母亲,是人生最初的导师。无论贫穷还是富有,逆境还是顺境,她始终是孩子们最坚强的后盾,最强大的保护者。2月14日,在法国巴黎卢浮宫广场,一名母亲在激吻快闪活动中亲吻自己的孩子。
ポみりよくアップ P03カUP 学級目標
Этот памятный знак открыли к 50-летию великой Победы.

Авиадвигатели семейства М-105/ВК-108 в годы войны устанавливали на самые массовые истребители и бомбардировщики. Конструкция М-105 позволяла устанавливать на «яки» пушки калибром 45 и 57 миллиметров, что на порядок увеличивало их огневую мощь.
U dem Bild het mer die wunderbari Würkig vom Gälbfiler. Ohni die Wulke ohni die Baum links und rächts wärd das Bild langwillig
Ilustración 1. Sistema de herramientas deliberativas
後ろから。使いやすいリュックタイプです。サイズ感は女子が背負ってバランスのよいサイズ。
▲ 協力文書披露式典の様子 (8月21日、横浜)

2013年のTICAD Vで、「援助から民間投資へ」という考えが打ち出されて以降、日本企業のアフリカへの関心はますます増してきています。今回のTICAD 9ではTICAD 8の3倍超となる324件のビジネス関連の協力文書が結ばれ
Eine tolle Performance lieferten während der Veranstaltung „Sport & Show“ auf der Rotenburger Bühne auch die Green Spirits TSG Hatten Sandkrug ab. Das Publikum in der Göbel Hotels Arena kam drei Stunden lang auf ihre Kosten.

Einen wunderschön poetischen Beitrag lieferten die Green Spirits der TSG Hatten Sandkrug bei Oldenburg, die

◇ ◇ ◇ ◇

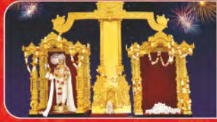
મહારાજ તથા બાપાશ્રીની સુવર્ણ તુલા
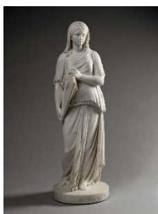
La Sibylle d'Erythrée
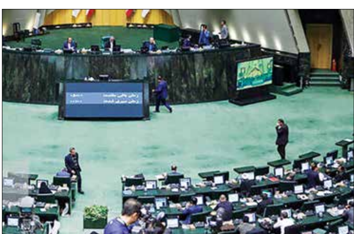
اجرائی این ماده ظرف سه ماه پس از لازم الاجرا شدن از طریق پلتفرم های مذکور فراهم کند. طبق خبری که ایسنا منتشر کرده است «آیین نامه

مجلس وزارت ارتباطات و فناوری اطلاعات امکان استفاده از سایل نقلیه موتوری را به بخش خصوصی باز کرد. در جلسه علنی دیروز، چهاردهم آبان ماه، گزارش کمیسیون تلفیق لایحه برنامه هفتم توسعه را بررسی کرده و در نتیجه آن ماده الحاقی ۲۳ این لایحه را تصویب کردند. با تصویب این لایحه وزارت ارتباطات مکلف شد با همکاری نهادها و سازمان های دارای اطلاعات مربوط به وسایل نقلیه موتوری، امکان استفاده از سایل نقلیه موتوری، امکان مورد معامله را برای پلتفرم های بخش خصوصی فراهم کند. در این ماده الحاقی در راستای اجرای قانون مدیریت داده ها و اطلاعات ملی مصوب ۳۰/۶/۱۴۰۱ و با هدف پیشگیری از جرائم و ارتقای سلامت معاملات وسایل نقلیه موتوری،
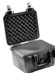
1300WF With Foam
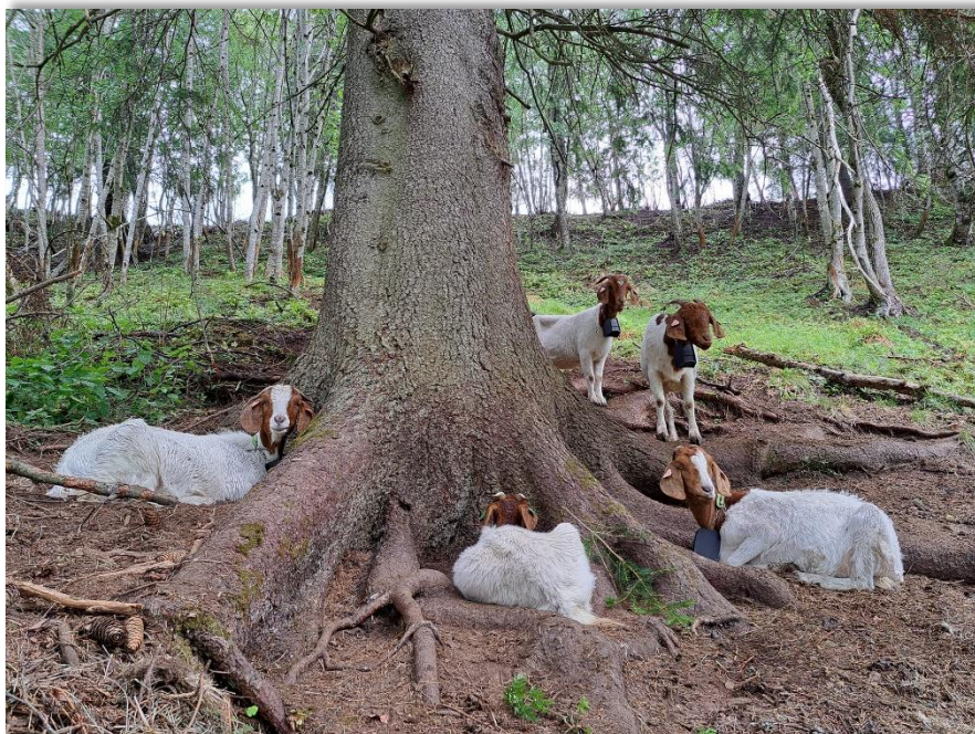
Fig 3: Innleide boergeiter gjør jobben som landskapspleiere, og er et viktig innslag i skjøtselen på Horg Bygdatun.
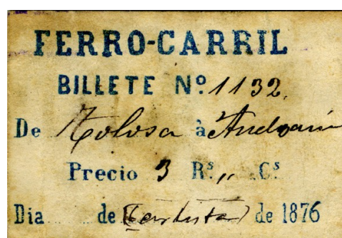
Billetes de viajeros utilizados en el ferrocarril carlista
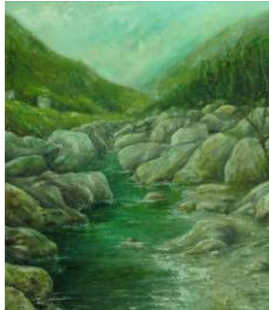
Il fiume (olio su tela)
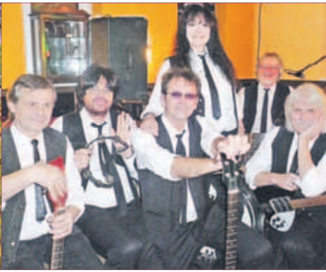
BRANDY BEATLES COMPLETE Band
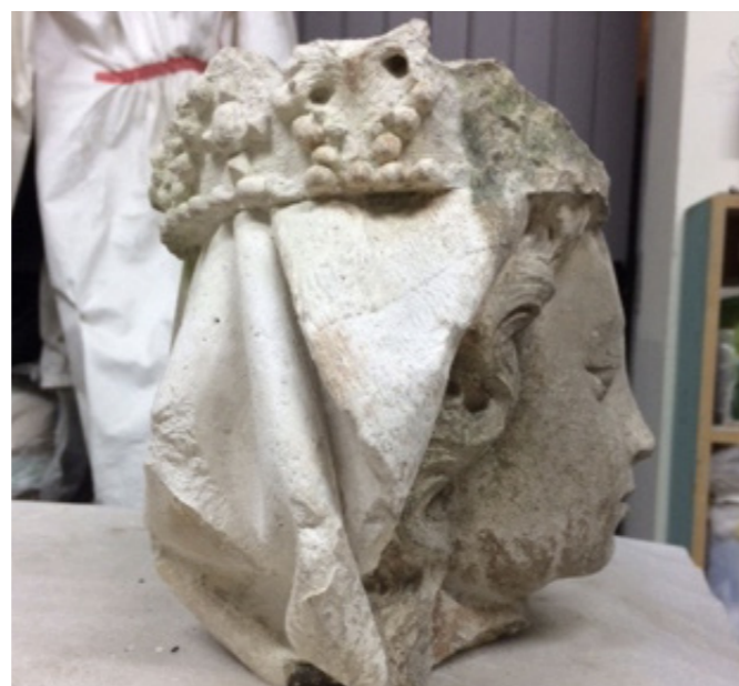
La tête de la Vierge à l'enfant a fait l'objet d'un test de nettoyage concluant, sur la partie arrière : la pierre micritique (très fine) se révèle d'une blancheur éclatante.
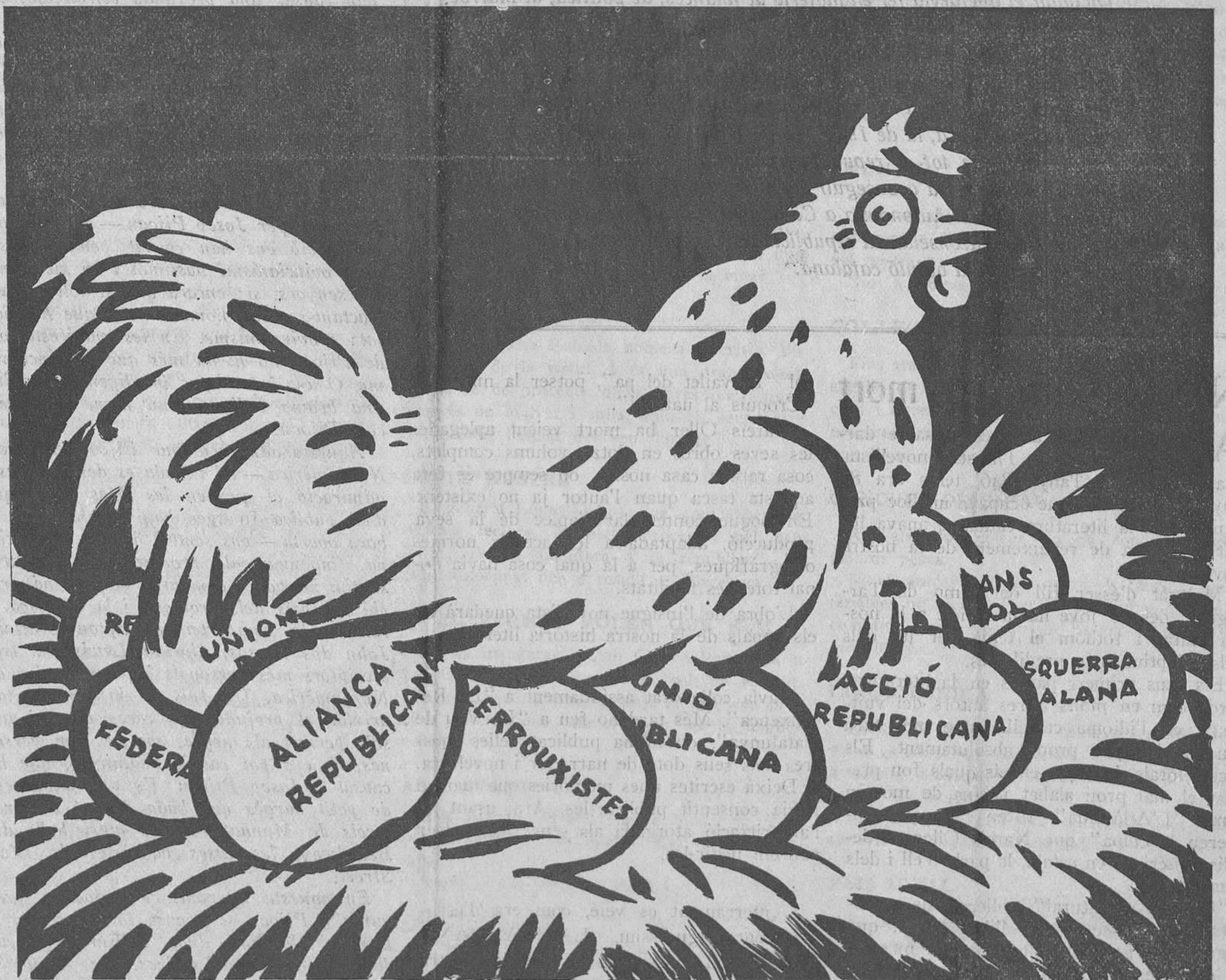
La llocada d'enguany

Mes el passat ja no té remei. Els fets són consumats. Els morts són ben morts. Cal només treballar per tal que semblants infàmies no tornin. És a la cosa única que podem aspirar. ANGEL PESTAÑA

◇ ◇ ◇ ◇

WORK INSTRUCTION |
Go through the entries above and count the lines containing the word "Hatten"; give only that count.

SOLUTION |
2